Low back pain is a common health condition in working populations. Considering the lifetime prevalence of 60–85%, it will eventually affect almost everyone in life, men and women equally. In the majority of patients low back pain is a self-limiting condition, from which 90% of all patients are expected to recover in about six weeks. Hence, it has been suggested that prevention should focus more on preventing disability resulting from low back pain than on preventing the onset of back pain.1 As a result, duration of sickness absence is increasingly being used as a health parameter of interest to study the consequences of disability in occupational groups and to evaluate the effectiveness of intervention. Workers remaining off work after 2–3 months are responsible for the majority of the associated health care costs and have a substantial risk for long term disability.1 Thus, identifying those workers on sickness absence who are at risk for a longer period of sickness absence is essential for intervention purposes.
In the past decades it has been well documented that physical load caused by lifting, awkward back postures, and whole body vibration is a risk factor for the onset and recurrence of low back pain. In the past 10 years the focus in aetiological research has slowly shifted from physical towards psychosocial and individual risk factors. It seems that psychosocial stress, for example, high job demands with low control, and psychological traits, for example, pain catastrophising and kinesiophobia, influence the occurrence of low back pain and play an important role in the transition from acute to chronic back pain. Moreover, there is sufficient evidence that physical, psychosocial, and individual risk factors are interrelated at any phase of low back pain.2 In fact, these risk factors may vary according to the severity and chronicity of low back pain. Knowledge about the interrelations between risk factors associated with different expressions of low back pain might be useful in developing intervention programmes aimed at both the worker and the workplace.

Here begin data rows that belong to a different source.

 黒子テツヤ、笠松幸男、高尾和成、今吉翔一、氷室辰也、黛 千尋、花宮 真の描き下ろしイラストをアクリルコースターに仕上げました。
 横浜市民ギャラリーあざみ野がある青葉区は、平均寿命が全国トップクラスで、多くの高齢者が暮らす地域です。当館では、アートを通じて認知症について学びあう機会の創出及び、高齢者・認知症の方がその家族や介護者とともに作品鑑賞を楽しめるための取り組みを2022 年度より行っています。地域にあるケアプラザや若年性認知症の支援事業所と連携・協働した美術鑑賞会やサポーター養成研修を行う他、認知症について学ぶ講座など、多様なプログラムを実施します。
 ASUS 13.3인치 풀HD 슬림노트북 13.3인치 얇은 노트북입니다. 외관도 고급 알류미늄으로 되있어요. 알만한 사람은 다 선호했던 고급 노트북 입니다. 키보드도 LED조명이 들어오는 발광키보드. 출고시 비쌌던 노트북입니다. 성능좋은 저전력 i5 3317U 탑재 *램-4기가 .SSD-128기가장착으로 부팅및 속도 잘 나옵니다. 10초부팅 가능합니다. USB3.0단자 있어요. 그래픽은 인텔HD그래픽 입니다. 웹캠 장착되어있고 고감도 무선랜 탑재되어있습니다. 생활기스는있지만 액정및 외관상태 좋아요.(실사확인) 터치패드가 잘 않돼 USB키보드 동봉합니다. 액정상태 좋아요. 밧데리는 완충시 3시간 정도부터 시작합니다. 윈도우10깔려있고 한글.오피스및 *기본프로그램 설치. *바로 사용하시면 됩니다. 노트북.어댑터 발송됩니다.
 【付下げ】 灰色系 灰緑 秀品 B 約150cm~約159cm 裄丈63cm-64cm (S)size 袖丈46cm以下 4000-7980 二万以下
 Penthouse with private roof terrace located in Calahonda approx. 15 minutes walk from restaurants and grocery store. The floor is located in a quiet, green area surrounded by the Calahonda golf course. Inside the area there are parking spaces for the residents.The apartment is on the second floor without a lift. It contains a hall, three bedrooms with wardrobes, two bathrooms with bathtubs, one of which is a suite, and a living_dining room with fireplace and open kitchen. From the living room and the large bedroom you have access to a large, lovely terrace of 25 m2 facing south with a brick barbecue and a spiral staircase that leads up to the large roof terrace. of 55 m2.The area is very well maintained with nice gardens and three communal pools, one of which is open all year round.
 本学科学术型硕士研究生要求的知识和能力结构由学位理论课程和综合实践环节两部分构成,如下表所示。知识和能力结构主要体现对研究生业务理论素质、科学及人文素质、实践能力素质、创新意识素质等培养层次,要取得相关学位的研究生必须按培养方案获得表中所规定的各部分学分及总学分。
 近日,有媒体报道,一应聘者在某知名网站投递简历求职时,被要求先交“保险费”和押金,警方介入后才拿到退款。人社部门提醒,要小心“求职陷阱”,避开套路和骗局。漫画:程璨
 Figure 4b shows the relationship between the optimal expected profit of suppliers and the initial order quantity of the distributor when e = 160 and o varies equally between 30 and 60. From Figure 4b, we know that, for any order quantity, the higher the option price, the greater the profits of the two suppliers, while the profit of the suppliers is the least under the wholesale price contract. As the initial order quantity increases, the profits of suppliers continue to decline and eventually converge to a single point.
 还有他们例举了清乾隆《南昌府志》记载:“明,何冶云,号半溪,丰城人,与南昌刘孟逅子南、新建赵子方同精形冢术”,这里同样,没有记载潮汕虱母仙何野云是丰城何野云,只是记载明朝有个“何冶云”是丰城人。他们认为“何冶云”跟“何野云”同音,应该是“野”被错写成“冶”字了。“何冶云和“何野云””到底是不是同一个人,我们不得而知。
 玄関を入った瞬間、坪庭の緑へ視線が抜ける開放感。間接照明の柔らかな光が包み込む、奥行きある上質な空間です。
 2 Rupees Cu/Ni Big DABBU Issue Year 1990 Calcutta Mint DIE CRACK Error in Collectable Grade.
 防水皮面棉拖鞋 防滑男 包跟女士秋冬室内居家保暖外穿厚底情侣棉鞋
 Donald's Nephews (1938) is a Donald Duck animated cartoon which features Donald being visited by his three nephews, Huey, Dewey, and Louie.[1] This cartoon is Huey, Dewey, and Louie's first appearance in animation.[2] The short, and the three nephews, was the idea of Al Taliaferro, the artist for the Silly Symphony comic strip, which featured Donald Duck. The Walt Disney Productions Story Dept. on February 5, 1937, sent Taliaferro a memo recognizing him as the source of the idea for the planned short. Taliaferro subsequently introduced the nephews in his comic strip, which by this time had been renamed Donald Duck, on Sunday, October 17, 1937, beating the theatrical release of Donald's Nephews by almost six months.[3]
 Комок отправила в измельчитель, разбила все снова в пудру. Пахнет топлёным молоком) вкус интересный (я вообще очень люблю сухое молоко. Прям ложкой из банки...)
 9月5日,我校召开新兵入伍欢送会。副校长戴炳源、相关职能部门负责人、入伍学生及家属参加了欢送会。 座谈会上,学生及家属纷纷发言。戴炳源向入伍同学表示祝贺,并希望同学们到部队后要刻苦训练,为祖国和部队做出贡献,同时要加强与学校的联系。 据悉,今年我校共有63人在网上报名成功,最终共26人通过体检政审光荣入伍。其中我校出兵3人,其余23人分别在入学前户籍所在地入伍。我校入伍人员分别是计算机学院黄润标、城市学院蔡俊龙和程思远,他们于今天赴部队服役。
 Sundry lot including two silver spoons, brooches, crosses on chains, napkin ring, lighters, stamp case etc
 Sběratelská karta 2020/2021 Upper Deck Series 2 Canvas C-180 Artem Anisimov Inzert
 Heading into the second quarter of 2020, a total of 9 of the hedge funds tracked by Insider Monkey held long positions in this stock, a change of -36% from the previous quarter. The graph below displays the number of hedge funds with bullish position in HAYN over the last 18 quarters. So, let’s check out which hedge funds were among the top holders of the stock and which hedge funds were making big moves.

Given this complex interaction among work related and individual risk factors for the occurrence of low back pain, it seems striking that most studies on prognostic factors for return to work have only identified disease related characteristics, such as pain intensity and functional status. In various randomised clinical trails the effectiveness of medical interventions on return to work have been studied, but the specific role of work related risk factors is hardly addressed. This makes one wonder whether the risk factors that cause the low back pain do matter at all in the process of returning to work after sickness absence due to low back pain. In most European countries and the United States treatment guidelines for low back disorders exist, but most guidelines have not addressed the specific contribution of work related interventions on the effectiveness on return to work. Hence, the question arises as to what instruments are available for the occupational physician to facilitate return to work of a worker with a sustained episode of low back pain.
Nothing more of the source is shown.